La Corte ha però chiarito, richiamando i principi già espressi nella sentenza n. 35416/2022, che l’aggravamento di una malattia ingravescente non dà origine a un nuovo diritto risarcitorio qualora gli sviluppi della patologia rientrino tra quelli già prevedibili e valutati nel giudizio definito con sentenza passata in giudicato. Il giudice di merito, infatti, aveva liquidato il danno sia nella componente temporanea che permanente, tenendo conto della prognosi infausta e delle sofferenze future, sulla base di una personalizzazione specifica.

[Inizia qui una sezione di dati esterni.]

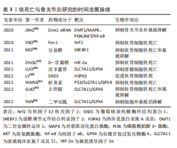 2.3 铁死亡与骨关节炎 骨关节炎是以慢性炎症、关节软骨进行性退变、骨质增生硬化及继发骨赘形成为特征的一种关节疾病[55]。目前,铁死亡与骨关节炎发生的研究较少,现有的研究表明其可通过调控软骨细胞活性、细胞外基质降解和滑膜炎症等病理生理过程,进而参与骨关节炎疾病进程。 软骨细胞是关节软骨中唯一的细胞类型,铁死亡导致软骨细胞丢失在骨关节炎进展中发挥重要的作用。使用白细胞介素1β、柠檬酸铁铵诱导的骨关节炎细胞模型中,软骨细胞中铁死亡标志分子GPX4和SLC7A11表达下降,P53和ACSL4表达上升;下调经白细胞介素1β、柠檬酸铁铵诱导的软骨细胞中Nrf2水平时,GPX4的表达水平下降;而通过关节内注射Fer-1发现其可以逆转软骨细胞中铁死亡相关蛋白表达的变化,并促进Nrf2抗氧化系统激活从而抑制软骨细胞铁死亡延缓骨关节炎,因此Nrf2抗氧化系统和铁死亡是相互调控的,但具体机制尚不清楚[56]。 通过分析骨关节炎和非损伤人软骨组织样本中铁死亡调节因子GPX4、SLC3A2和SLC7A11表达水平,结果显示骨关节炎软骨中GPX4和SLC3A2表达显著降低。进一步用泛半胱天冬酶抑制剂、坏死性凋亡抑制剂、Fer-1和去铁胺分别处理骨关节炎细胞模型时,发现Fer-1和去铁胺可降低细胞内活性氧、PUFAs过氧化物蓄积,恢复GPX4活性,从而抑制软骨细胞铁死亡,而这个过程不能被泛半胱天冬酶抑制剂和坏死性凋亡抑制剂所抑制[57]。 铁死亡对软骨细胞活性的影响受到多种机制调控。MO等[58]研究证实了豆甾醇可通过下调甾醇调节元件结合转录因子2来减轻白细胞介素1β诱导的ATDC5细胞铁死亡发生。ZHOU等[59]学者发现D-甘露糖处理可上调白细胞介素1β诱导的软骨细胞中GPX4和SLC7A11水平,缺氧诱导因子2α过表达则可抑制D-甘露糖的作用,而Fer-1可减弱缺氧诱导因子2α过表达对D-甘露糖的抑制作用,所以D-甘露糖通过抑制缺氧诱导因子2α来降低软骨细胞铁死亡敏感性从而减轻骨关节炎进展。最近的研究表明骨关节炎大鼠软骨组织中GPX4和热休克蛋白家族A成员5表达水平降低,而葡萄球菌核酸酶样结构蛋白1(staphylococcal nuclease domain containing 1,SND1)在骨关节炎中表达升高。进一步研究发现,白细胞介素1β刺激的原代软骨细胞中SND1表达增加,增加的SND1抑制了热休克蛋白家族A成员5表达导致GPX4降解增加,而敲除SND1可上调大鼠软骨中热休克蛋白家族A成员5水平和增加GPX4表达。因此,降低SND1的水平可促进热休克蛋白家族A成员5的表达,从而增加GPX4的活性,延缓骨关节炎进展[60]。虾青素是一种具有抗氧化作用的类胡萝卜素,其可以通过下调P53表达来缓解白细胞介素1β诱导的SLC7A11、GPX4、谷胱甘肽和铁蛋白的表达下降,从而抑制软骨细胞铁死亡的发生[61]。 关节软骨的绝大部分成分由细胞外基质组成,抑制铁死亡的发生可减缓细胞外基质降解从而缓解骨关节炎进展。YAO等[56]通过关节内注射Fer-1,发现Fer-1可以缓解Ⅱ型胶原降解从而减轻软骨退化和骨关节炎进展,通过进一步研究表明Fer-1可减轻白细胞介素1β和柠檬酸铁铵对胶原蛋白Ⅱ的抑制,但是Fer-1并不减少白细胞介素1β和柠檬酸铁铵诱导的基质金属蛋白酶13 表达。而又有研究表明Fer-1可以减少白细胞介素1β诱导的基质金属蛋白酶13的表达[60,62]。除了Fer-1可以抑制铁死亡引起的细胞外基质降解外,去铁胺也可逆转爱拉斯汀和白细胞介素1β诱导的基质金属蛋白酶13表达上调、胶原蛋白Ⅱ表达下调[62]。豆甾醇可以通过下调甾醇调节元件结合转录因子2来调节基质金属蛋白酶13、Ⅱ型胶原和蛋白多糖的表达水平,从而减轻白细胞介素1β诱导的铁死亡和细胞外基质降解[58]。二甲双胍治疗也可以部分减轻由关节内注射Erastin而导致的蛋白多糖丢失,从而减轻细胞外基质降解,延缓骨关节炎进展[63]。 骨关节炎另一个重要特征是滑膜炎,滑膜炎会导致软骨退化,还与关节疼痛以及关节功能障碍密切相关[64]。为了探索铁死亡是否与滑膜炎相关,MIAO等[57]检测了骨关节炎患者滑液中铁的水平,结果表明滑液中铁离子水平随着骨关节炎的进展而增加。经过脂多糖诱导的滑膜炎细胞模型中,铁死亡标志分子GPX4、SLC7A11和SLC3A2L的表达明显下降,淫羊藿苷以浓度依赖性方式上调GPX4、SLC7A11和SLC3A2L的表达水平;淫羊藿苷还抵消了RSL3诱导的滑膜细胞中铁死亡相关蛋白表达、PUFAs过氧化物和铁离子的蓄积[65]。JING等[66]的研究发现,骨关节炎中的炎症因子通过上调铁输入蛋白转铁蛋白受体1和DMT1,下调铁流出蛋白铁转运蛋白,干扰铁稳态导致铁超载。铁超载可通过上调基质金属蛋白酶13的表达,加重炎症反应和细胞外基质降解。抑制DMT1可阻断MAPK和PI3K/AKT/NF-κB通路,从而抑制铁超载导致的炎症反应和细胞外基质降解。XIA等[67]通过生物信息学分析,发现7个铁死亡差异表达基因包括ATF3、IL6、CDKN1A、IL1B、EGR1、JUN和CD44具有良好的诊断特性,可作为骨关节炎中滑膜炎的诊断生物标志物和治疗靶点,进一步阐明了骨关节炎的发病机制。滑膜炎中的炎症反应也可直接激活铁死亡,从而参与骨关节炎疾病进展。 铁死亡与骨关节炎的研究机制及时间发展脉络见表3。"

La Corte ha sottolineato che l’aggravamento rappresenta una mera concretizzazione del rischio evolutivo insito nella patologia già considerata nel giudizio pregresso e che, pertanto, non può costituire il presupposto per una nuova quantificazione del danno, salvo si tratti di profili non valutati e non valutabili all’epoca.
Il principio affermato risponde all’esigenza di certezza del diritto e di stabilità del giudicato, in un ambito – quello delle malattie professionali – che presenta particolari criticità a causa della naturale evolutività delle condizioni cliniche.